__TASK OBJECTIVE__: Report the number of lines in the data below where the string "shell" shows up, and only that number.

=== INPUT RECORDS ===

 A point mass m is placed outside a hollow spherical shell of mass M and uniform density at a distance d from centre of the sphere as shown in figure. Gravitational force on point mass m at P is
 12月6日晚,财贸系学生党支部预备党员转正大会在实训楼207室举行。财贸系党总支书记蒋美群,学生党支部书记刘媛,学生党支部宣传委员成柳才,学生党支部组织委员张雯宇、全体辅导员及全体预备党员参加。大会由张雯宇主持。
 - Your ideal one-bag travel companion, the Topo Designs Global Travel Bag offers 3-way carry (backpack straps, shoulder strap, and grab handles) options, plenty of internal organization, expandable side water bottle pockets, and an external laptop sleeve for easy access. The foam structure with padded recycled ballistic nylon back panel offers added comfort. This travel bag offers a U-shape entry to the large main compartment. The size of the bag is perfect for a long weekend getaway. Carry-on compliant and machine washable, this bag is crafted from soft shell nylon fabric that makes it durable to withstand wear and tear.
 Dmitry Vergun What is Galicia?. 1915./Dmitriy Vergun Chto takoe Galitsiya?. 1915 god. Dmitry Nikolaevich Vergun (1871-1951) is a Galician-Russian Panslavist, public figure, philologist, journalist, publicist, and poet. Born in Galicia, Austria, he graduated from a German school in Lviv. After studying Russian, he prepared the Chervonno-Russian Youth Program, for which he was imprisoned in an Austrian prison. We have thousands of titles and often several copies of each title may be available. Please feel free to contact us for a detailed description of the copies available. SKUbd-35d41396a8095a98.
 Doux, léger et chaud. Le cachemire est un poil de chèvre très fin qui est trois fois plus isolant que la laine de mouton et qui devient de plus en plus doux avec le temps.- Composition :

===
=== INPUT RECORDS ===

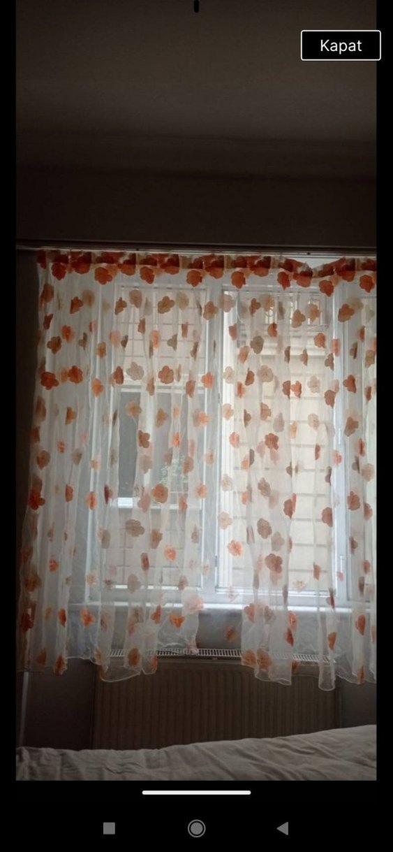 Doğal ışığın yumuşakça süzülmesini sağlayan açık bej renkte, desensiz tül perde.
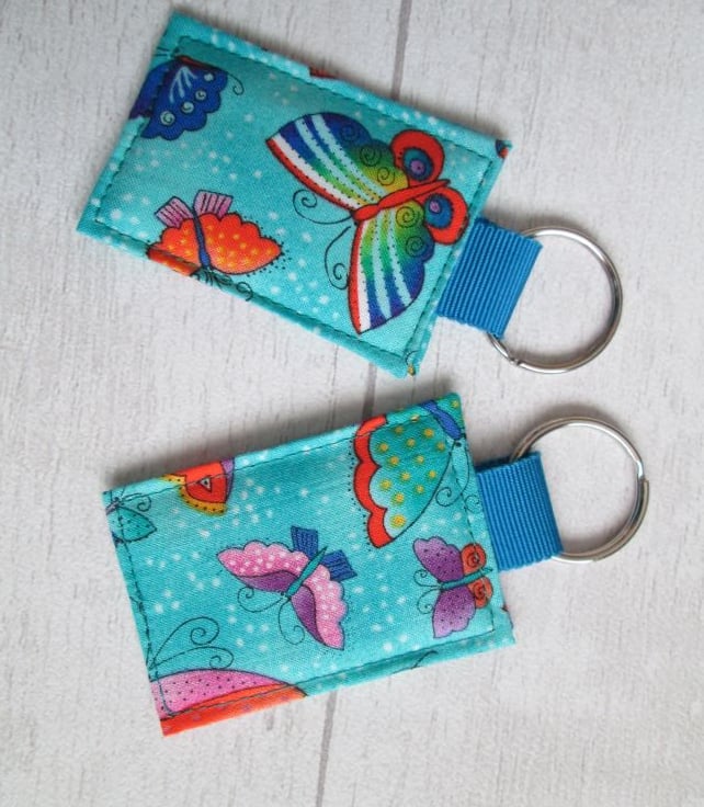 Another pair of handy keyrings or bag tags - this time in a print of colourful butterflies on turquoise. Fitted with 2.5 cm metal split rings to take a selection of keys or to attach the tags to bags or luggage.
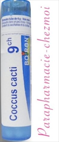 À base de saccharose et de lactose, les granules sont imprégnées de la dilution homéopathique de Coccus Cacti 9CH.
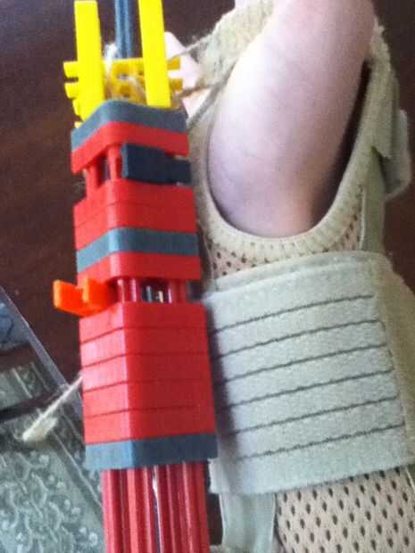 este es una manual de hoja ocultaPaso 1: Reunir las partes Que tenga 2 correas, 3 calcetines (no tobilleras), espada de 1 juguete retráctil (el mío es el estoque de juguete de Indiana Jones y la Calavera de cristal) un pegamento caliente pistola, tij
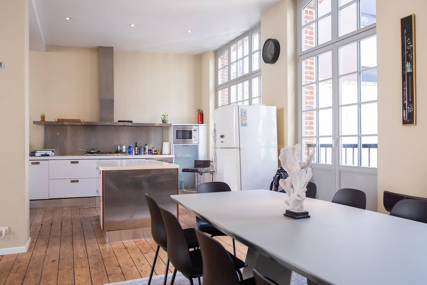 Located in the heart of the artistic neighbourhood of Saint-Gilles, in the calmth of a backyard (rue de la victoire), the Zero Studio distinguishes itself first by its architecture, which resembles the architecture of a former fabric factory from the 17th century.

===

__TASK OUTPUT__: 2